Gunmen have shot dead 18 people and injured five others working on a gas pipeline from Iran to Iraq, northeast of Baghdad. The majority of those killed were said to be Iranians.
Masked gunmen launched an attack near Baladruz, a small village in the Diyala province of Iraq. It was reported that the group of attackers were driving three vehicles.
The workers, 15 Iranians and three Iraqis, were attacked as they were digging a trench to extend a gas pipeline, the mayor of Muqdadiya, the closest town to the village, told Reuters.
"Three of them got out of a car and started firing on the workers inside and outside the trench," Reuters quoted a man named Ibrahem Aziz as saying.
No group has yet claimed responsibility for the assault.
The attack came just hours after at least 22 people detained for issues related to terrorism broke from police custody in Baghdad.
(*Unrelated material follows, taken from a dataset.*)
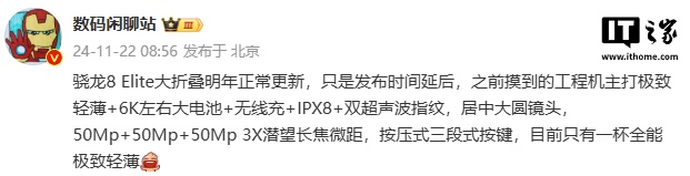 该博主透露,之前摸到的工程机主打极致轻薄 + 6K 左右大电池 + 无线充 + IPX8 + 双超声波指纹,居中大圆镜头,50Mp+50Mp+50Mp 3X 潜望长焦微距,按压式三段式按键,目前只有一杯全能极致轻薄。

Most of those who escaped were recaptured, but three to eight individuals remain at large.
Iraq is facing a surge of violence, with dozens of people being killed in daily attacks across the country. The overall death toll reached at least 34 people on Friday.
The rise in violence comes ahead of general elections due to be held on April 30, which will be the country's first parliamentary polls in four years. Nearly 950 people were killed as a result of violence last month alone.
With over 7,000 civilian casualties recorded by the beginning of November by the Iraq Body Count project, 2013 has already become the deadliest year in Iraq since 2008.